In Newbury Park at the small Islamic Center of Conejo Valley, which received two dozen threatening phone calls after the 1995 bombing of a federal building in Oklahoma, a mosque official said the center had no official response.
But Dr. Bader Iqbal, vice president of the center's board of directors, said center members do not condone violence and the mosque does not allow political discussions or speeches.
"My personal belief is that one of the first tenets of whichever country you live in is to follow the law and support the country," Iqbal said. "There is a very specific code in the Koran that says human beings on this planet are here for the purpose to provide kindness to other human beings. It doesn't say Muslims only."
Iqbal, a Westlake Village resident, decried the killing of innocent people in any country, whether it be at embassies in Tanzania and Kenya or in the U.S.-led attacks in Afghanistan and Sudan.
Meanwhile, 33 Seabees based in Port Hueneme who arrived in Nairobi last week to help with cleanup efforts at the U.S. Embassy there remained in Africa on Thursday, Wadley said. Neither Port Hueneme nor Point Mugu officials would say whether local military personnel were on assignment in Afghanistan or Sudan.
The Ventura County Sheriff's Department did not go on tactical alert, and officials said there were no requests for increased patrols near buildings that house federal government employees.

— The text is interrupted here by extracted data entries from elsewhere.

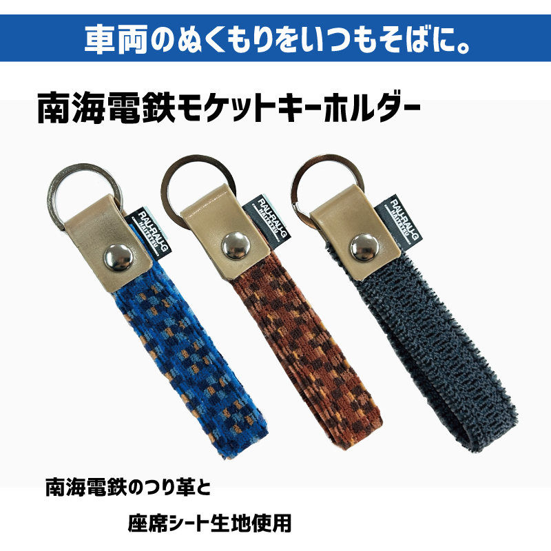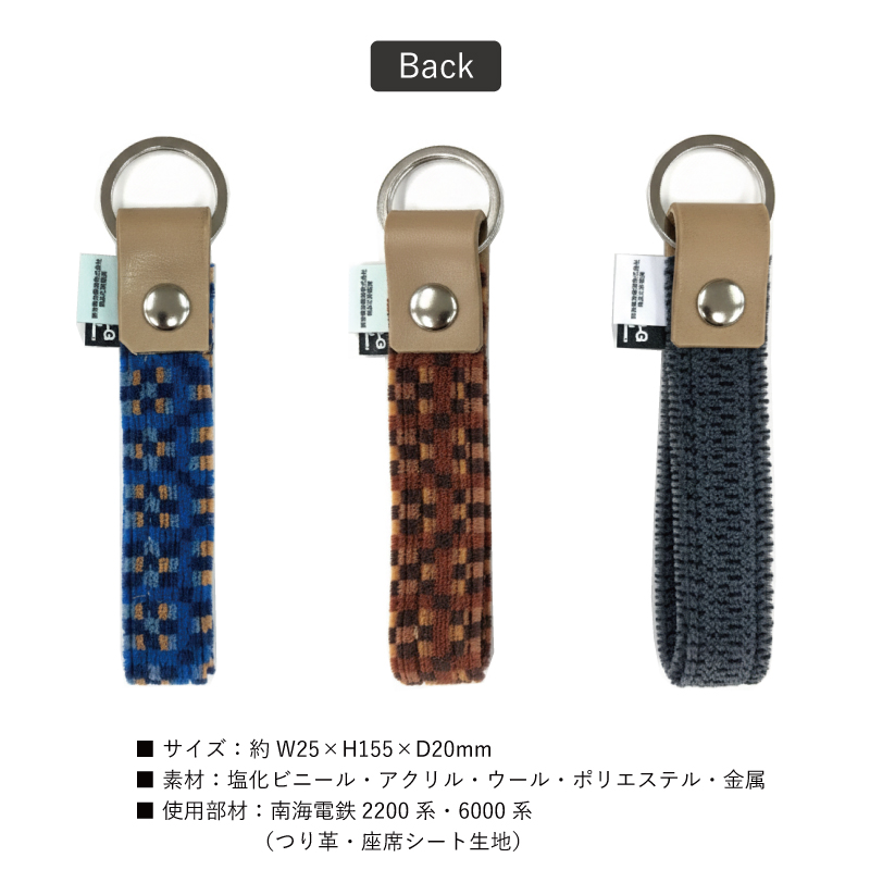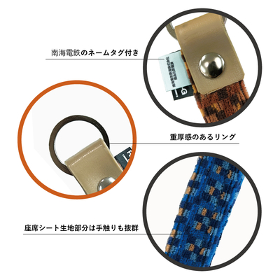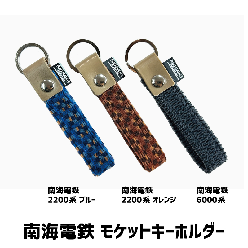 南海電鉄6000系・2200系のつり革と座席シートの素材を使ったモケットキーホルダーが登場!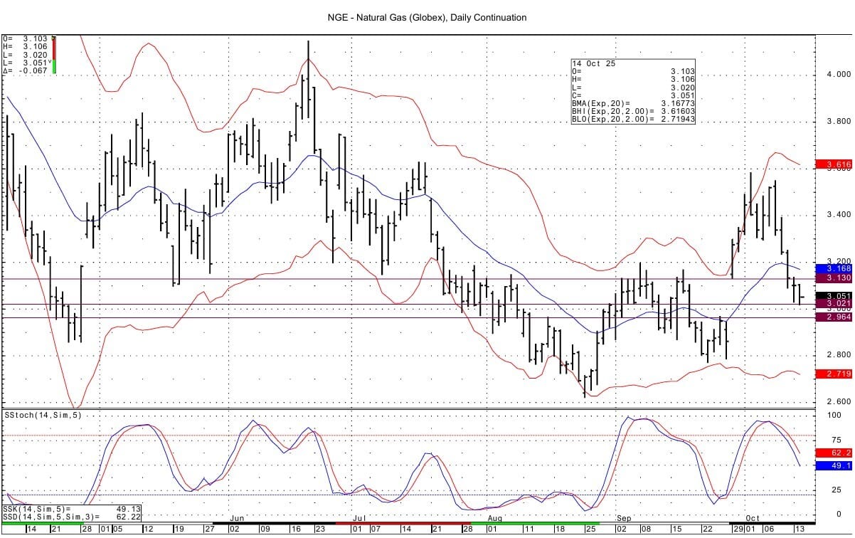 NG futures are lower as one market analyst's comment sums up pricing: “Yet until colder weather arrives, it may remain difficult for natural gas to sustain a break higher.”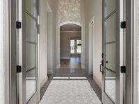 Tucked behind a private, gated courtyard, this 4-bedroom, 3-bath residence welcomes you with a dramatic two-story marble foyer that sets the tone of refined modernity. Graceful arched openings offer a subtle transition, creating definition while maintaining an open flow between spaces. The heart of the home features a painted brick fireplace with a modern, picture-frame wood mantle, flanked by custom-built-ins. The kitchen is a study in contemporary elegance, featuring a marble backsplash, fluted glass pendants, and quartz countertops that complement sleek cabinetry and elevated finishes, making the space both functional and stylish. Just beyond, the dining/ keeping area feels intimate yet spacious, anchored by a domed chandelier with gold accents that lends a soft, sculptural glow. The primary suite is a true retreat. The luxurious primary bathroom features underlit floating wood vanities, illuminated mirrors, & Cristallo Quartzite countertops. The modern freestanding tub & sleek European shower anchor the space, and a floor-to-ceiling textured tile wall complete the serene, artful sanctuary. Each of the three additional bedrooms is spacious and thoughtfully designed, featuring distinctive bathrooms that add character and polish. Pops of green tile, gunmetal fixtures, and unique marble hardware enhance depth and detail in every space. Outdoors, a fully fenced backyard and kitchen create the perfect setting for entertaining or unwinding at home. Dedicated office space. Located within the Estates at Watercross, residents enjoy private boat launch access, lush park space, and a central Covington location close to shopping, dining, and I-12.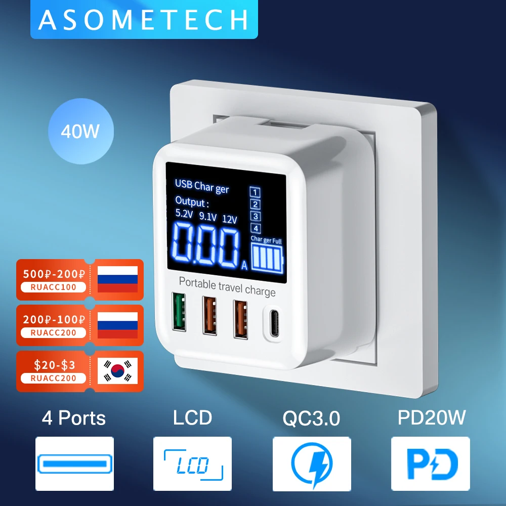 QC3.0 Быстрая зарядка USB C Зарядное устройство 4 порта Портативное зарядное устройство для телефона 30 Вт 40 Вт ЖК-дисплей для iPhone 12 Samsung Type C PD USB-зарядное устройство

David Nesbitt, special agent in charge of the Ventura County office of the FBI, said Thursday afternoon that the military actions had not prompted any special instructions from superiors in Washington.
For local residents who are traveling by air, the attacks will mean delays at airports--such as flights to Los Angeles International Airport from Oxnard.
"We will be checking unattended vehicles and baggage--nothing out of the ordinary but just a little extra precaution," said Rodney L. Murphy, the county's director of airports.
Chawkins is a Times staff writer. Wolcott is a Times Community News reporter.